Of the British written responses to the Great War, the poetry from the trenches is perhaps the first to come to mind. The searing images of Wilfred Owen, Siegfried Sassoon, Robert Graves, Ivor Gurney, and Isaac Rosenberg, among others, are hardly less famous than those paeans to wartime death as a glorious sacrifice, such as McRae's blowing poppies or Brooke's pastoral bit of England on foreign soil. The second most familiar written responses are the many soldiers' memoirs of the war and its aftermath, especially those by Graves , Sassoon, and Edmund Blunden, all of which have been continuously in print since their first publication. Equally famous is Vera Brittain's Testament of Youth, a memoir of her experience in the wartime hospitals at home and abroad. This work, which is also still in print, helped to make her a feminist icon and the war's “chief mourner” (a designation that is itself ambivalent, used as it is by those who believe she over-emphasizes the tragedy of the war).
Farther away from England are other forms of response that are well-known to the British who make pilgrimages to the Western Front: the many grand British memorials erected on the sites of great British losses, particularly along the Somme front and on the once mud-soaked terrain around Ypres in Belgium.
Indeed a significant share of the tourism in Flanders and Picardy consists of British pilgrimages to the sites of the greatest World War I losses. It is common for English children to take school trips to the French battlefields, for instance, and early July sees a surge in British tourism to mark the anniversary of the first wave of the infamous Somme Offensive. Britons flock to the many memorials erected by the mourners of England, Ireland, Scotland, and Wales, as well as of the Commonwealth countries that contributed troops to the Western Front. These memorials, which themselves are marked by the tension between celebration and mourning, are given context by the museums and reconstructed sites that dot the Western Front. The long history of the magnificent town of Ypres itself has been rendered almost a footnote to its overriding significance as a site of British martyrdom, and this hierarchy is reflected in the focus of the town's tourism industry, such as the devotion of its grand medieval Cloth Hall to a museum of the Great War with a strong British bias.

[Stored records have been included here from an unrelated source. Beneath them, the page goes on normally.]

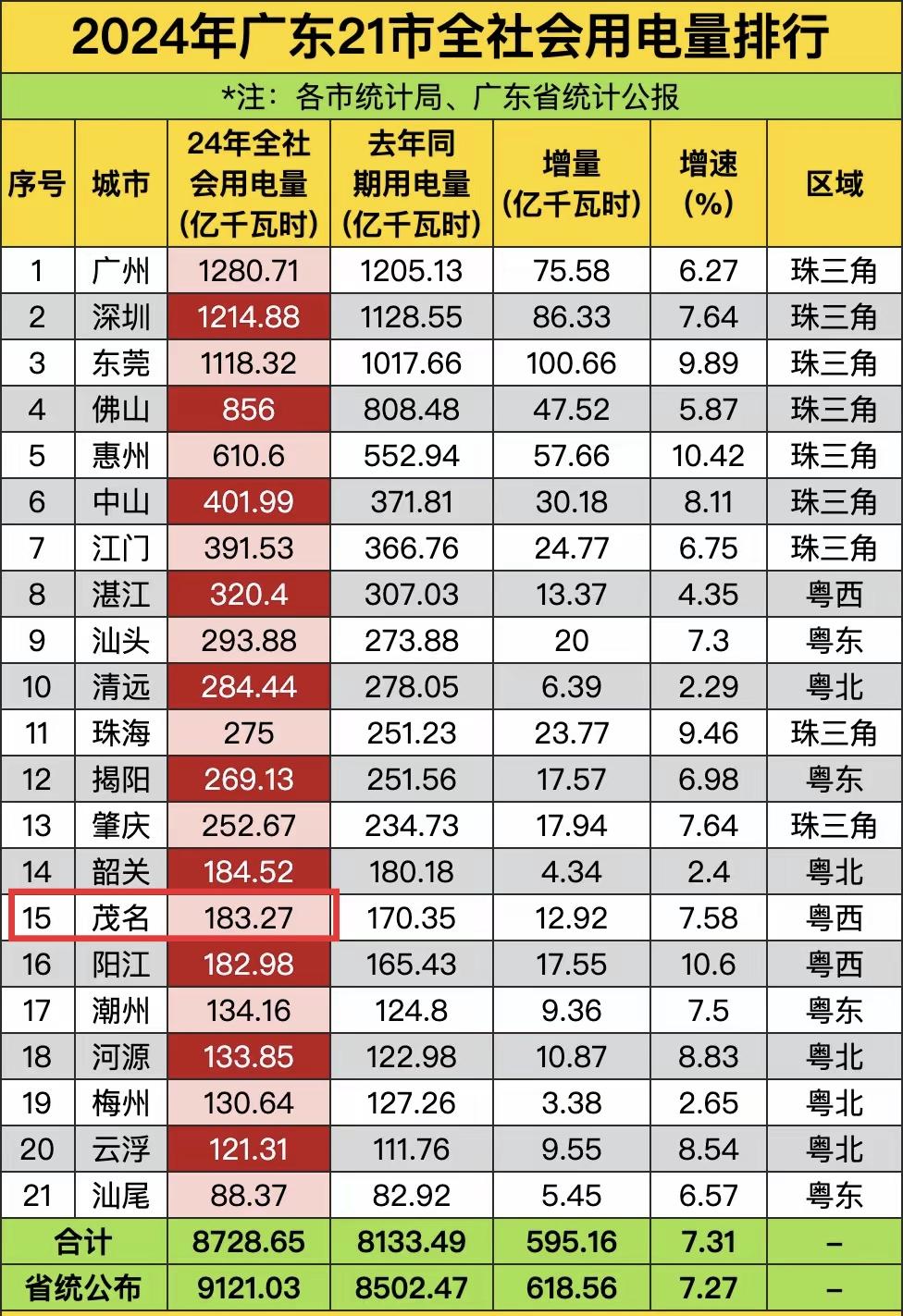 茂名GDP超过4000亿,排名广东第九,但是用电量却不多,只排全省第十五。这里就
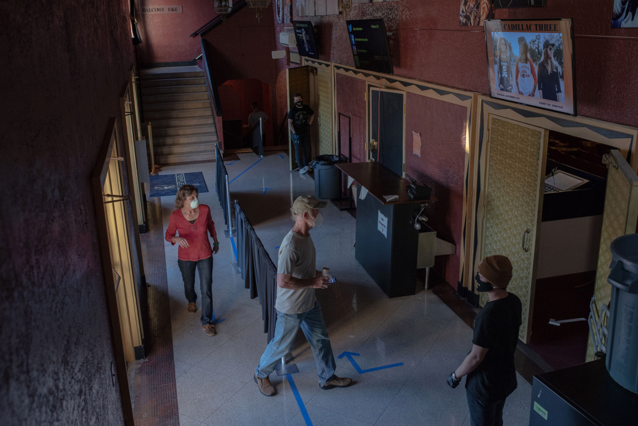 - Workers in gloves and masks ready the theater for the concert. Photo: September Dawn Bottoms for Rolling Stone
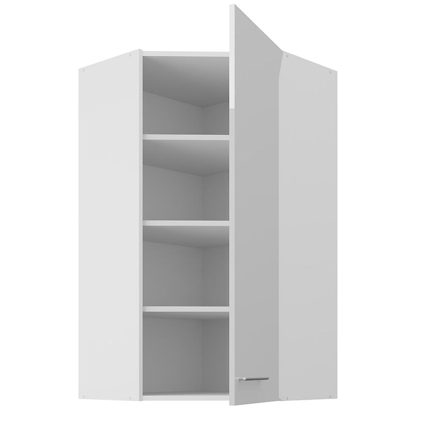 Szafka kuchenna Lara biały 60x60 GN-108 1F (45°) to praktyczny i stylowy narożny moduł górnej zabudowy kuchennej, idealny do nowoczesnych i jasnych wnętrz. Należy do kolekcji LARA, wyróżniającej się połyskującymi frontami i jednolitą kolorystyką. Narożna konstrukcja 45° oraz wymiary 60x60 cm pozwalają maksymalnie wykorzystać przestrzeń narożną, oferując wygodne miejsce do przechowywania naczyń, akcesoriów kuchennych i produktów spożywczych.
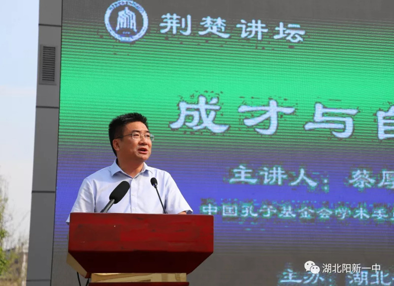 9月28日上午,由湖北省社会科学界联合会主办,阳新县图书馆、阳新县第一中学和阳新县新华书店联合协办的“荆楚讲坛”之阳新一中文化讲坛在城东新校区文化广场正式开讲。特邀嘉宾中国孔子基金会学术委员会委员、《寻庐讲坛》学术委员会主任蔡厚淳教授以《成才与自律》为题作开坛第一讲,校党委书记、校长明道树担任讲坛主持人,高一年级全体学生、全体班主任及课任教师1000余人参加学习。讲坛肃穆庄严,秩序井然。

These varied memorials are themselves evolving British responses to the war as are other significant monuments along the Somme front, such as the angry Welsh dragon atop a plinth at the edge of Mametz Wood and the huge marble monument amidst the lovingly reconstructed trenches and tunnels at Vimy Ridge, where the Canadians commemorate their heavy losses. To experience these public memorials along with the wartime poetry and the post-war memoirs is to begin to understand the conflicts between individual and collective experience, a sense of meaningless loss and a belief in heroic sacrifice that are still at the unresolved heart of the British response to the Great War.
The immediate goal of this seminar, then, is to consider the continuing impact of the war on Britain. We will study the role of Britain in the Great War and encounter the British art, museums, and monuments that constitute the persistent and still conflicted cultural memory of it. We hope this seminar will awaken participants, and through them their students, to the deep, devastating, and lasting effects of war on a culture that has experienced it in a way the U.S. has not. We expect thus to develop an understanding of the British experience before, during, and after the war that will help Americans recover the First World War's suppressed importance in our own literature and culture. We also hope that an interdisciplinary, co-directed seminar will encourage teachers to use an interdisciplinary approach in their own teaching and perhaps try team-teaching when they return home.